Les réverbères dispersaient des taches orangées sur les pavés humides du quartier de la Ribeira. De ma fenêtre, le temps s’écoulait en silence, teinté de brume et du murmure lointain du Douro. Les cloches de São Bento sonnaient les heures sans empressement, comme le battement paisible d’une ville qui cache des secrets dans ses fissures.
J’ai 78 ans, une vie entière passée à manier pinceaux et toiles, capturant Porto avec la patience de celle qui attend une promesse indéfinie. Mes cheveux, désormais argentés, trahissent aux yeux des passants la simple image d’une vieille peintre. Mais mes yeux, ceux-là même qui un jour ont embrasé le monde en couleurs, gardent encore des histoires que le temps n’a su effacer.
Ce soir-là, tandis que le soleil s’effaçait derrière le pont Dom Luis I, j’ai senti que je ne peindrais aucun paysage ordinaire. Sans le vouloir, ma mémoire m’a ramenée à une silhouette échappée de mes tableaux des années plus tôt, une ombre rencontrée à la gare de São Bento, à l’époque où l’horloge indiquait cet août 1978.
Je me souviens de cette matinée comme d’un souffle à peine audible. Tandis que je mélangeais terres et ciels dans mon atelier, je voyais défiler les voyageurs, indifférents à la mystérieuse figure encapuchonnée qui attendait sur le quai numéro trois. J’ai noté, emportée par une étrange curiosité, ce mystère : cette présence presque fantomatique, hors du tumulte habituel de la gare.
Poussée par une faim que la peinture ne rassasiait plus, j’ai décidé de la suivre. Je l’ai vue franchir les arches de marbre, disparaître dans les ruelles puis se diriger vers le fleuve. Ses pas résonnaient en écho aux clapotis de l’eau contre les pierres, et l’air portait un souffle d’humidité mêlé à des souvenirs tus.
Au bord du quai de la Ribeira, le soleil mordait déjà les mats des bateaux amarrés. La silhouette s’est arrêtée, a légèrement levé le visage, et un instant, j’ai aperçu ses yeux : clairs, profonds, reflet plein d’attente de la ville même. Ils portaient une supplication ancienne, un secret réclamant d’être peint mais ne pouvant s’exprimer.

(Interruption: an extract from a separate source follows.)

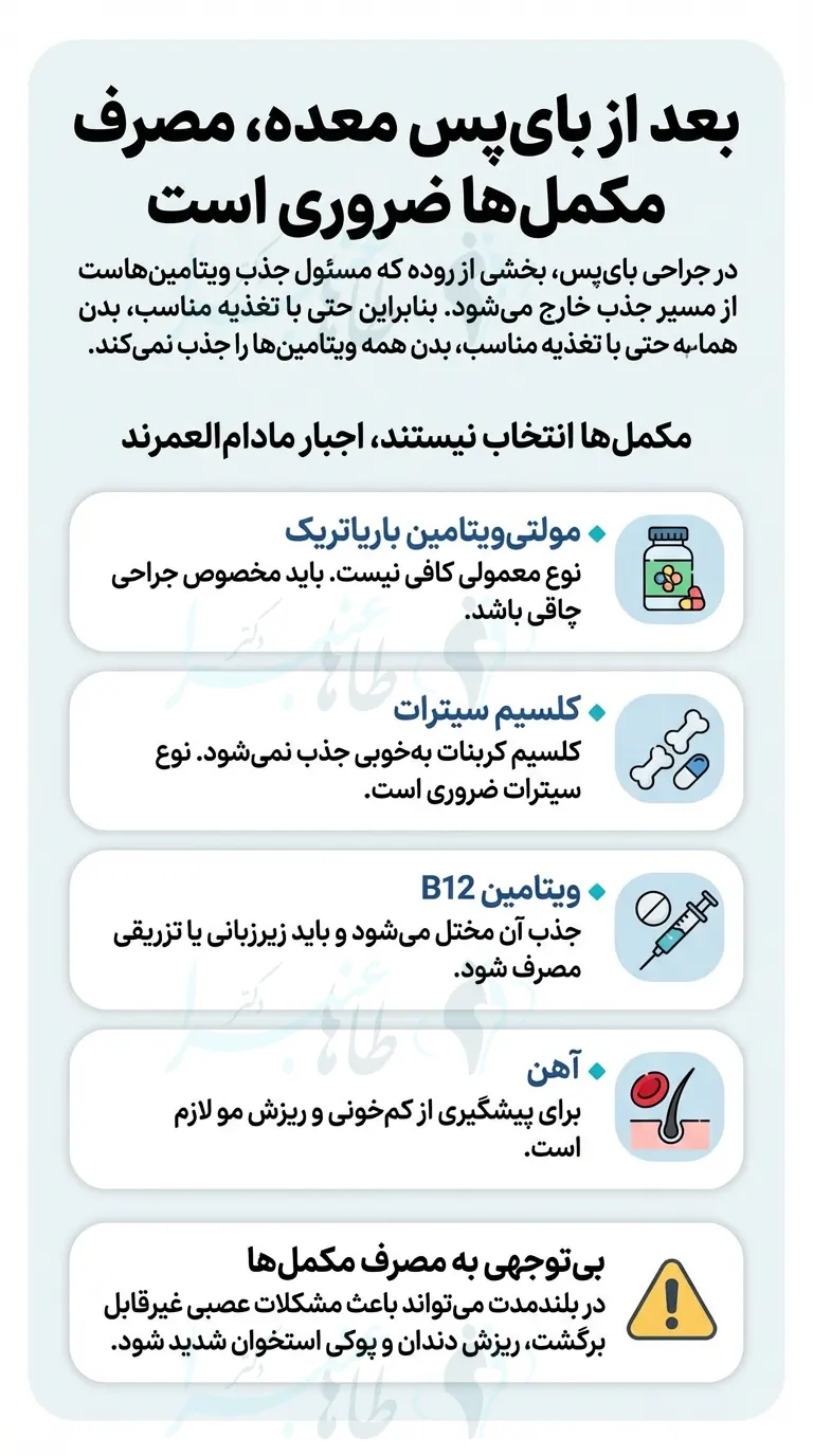 در عمل بای پس، بخشی از روده که مسئول جذب بسیاری از ویتامین هاست، از مسیر گوارش خارج میشود. این یعنی حتی اگر بهترین غذاها را بخورید، باز هم بدن تان تمام ویتامین ها را جذب نمی کند. بنابراین، مصرف مکمل در مراقبت های بعد از بای پس معده یک گزینه نیست، یک اجبار مادام العمر است.

Je me suis approchée sans réfléchir, et alors que j’ouvrais la bouche pour parler, l’ombre a murmuré quelque chose d’incompréhensible puis s’est fondue dans la foule, comme si elle n’avait jamais existé. Seul un bout de papier froissé restait à terre : un dessin simple du pont Dom Luis I, marqué d’une tache rouge en bas. Un fragment de temps, une blessure nichée au cœur de la beauté ordinaire de Porto.

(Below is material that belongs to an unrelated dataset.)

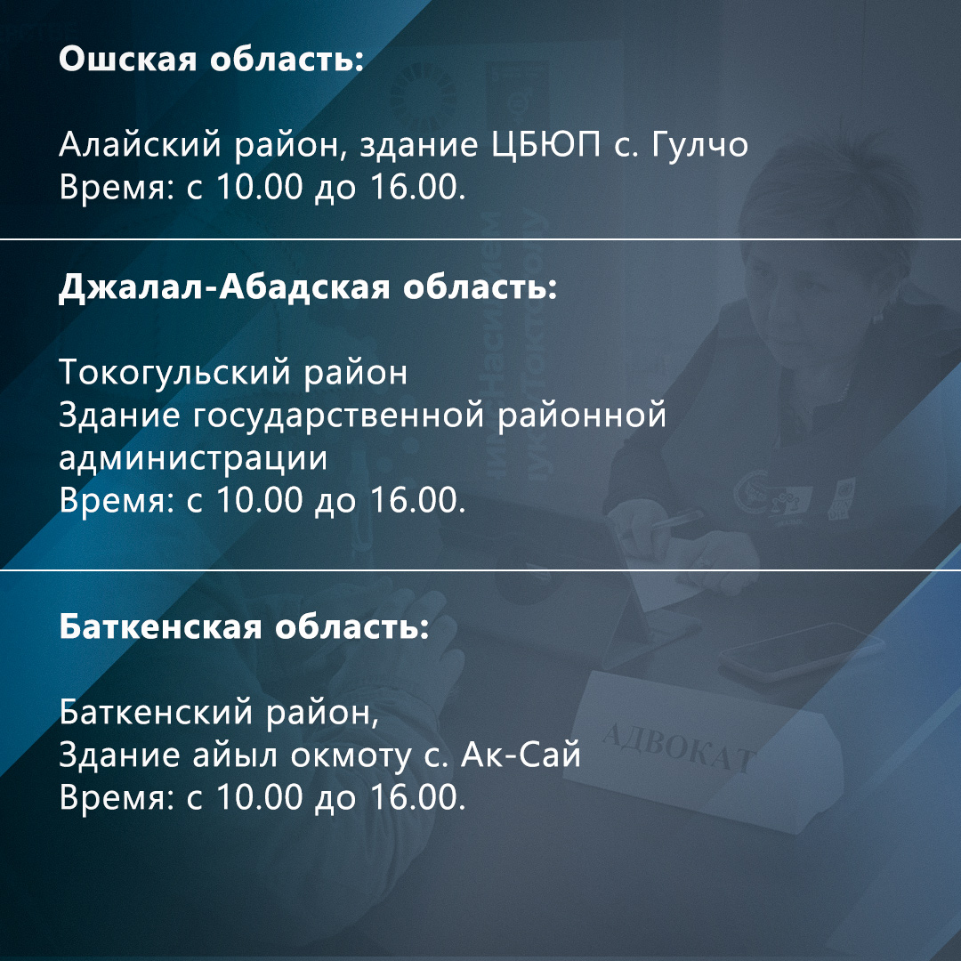 В Кыргызстане пройдет акция по оказанию бесплатной консультационно-правовой помощи населению. Об этом сообщили в Службе юридической помощи при Минюсте.

Cette nuit-là, j’ai peint jusqu’à ce que la lueur de ma lampe soit le seul phare dans la pénombre. Mon tableau renaissait sous des coups de pinceau lents, presque tremblants. Des milliers de détails prenaient place tandis que je cherchais à tisser l’histoire que cette figure ne pouvait raconter. Il y avait quelque chose dans ce dessin, dans la profondeur de ce regard mystérieux, qui détonnait, une ombre qui me capturait.
Aujourd’hui, ce portrait trône silencieux dans mon atelier. Parfois, je le fixe longuement, cherchant une réponse, me demandant si cette présence fut un présage, un murmure du pont ou du Douro. Elle n’est jamais revenue, mais je n’ai pas besoin de preuves ; Porto, avec sa mélancolie éternelle, me murmure que certaines choses ne se comprennent qu’à travers l’art.
Dehors, la ville continue son battement lent, et moi, dans mon coin, je poursuis mes toiles – non pour peindre ce que je vois, mais ce que je ressens sous la lumière brisée entre les pierres. Car quelque part, caché entre le pont et la gare, palpite encore ce qui n’a pas été dit : un mystère au cœur de la brume et de l’eau.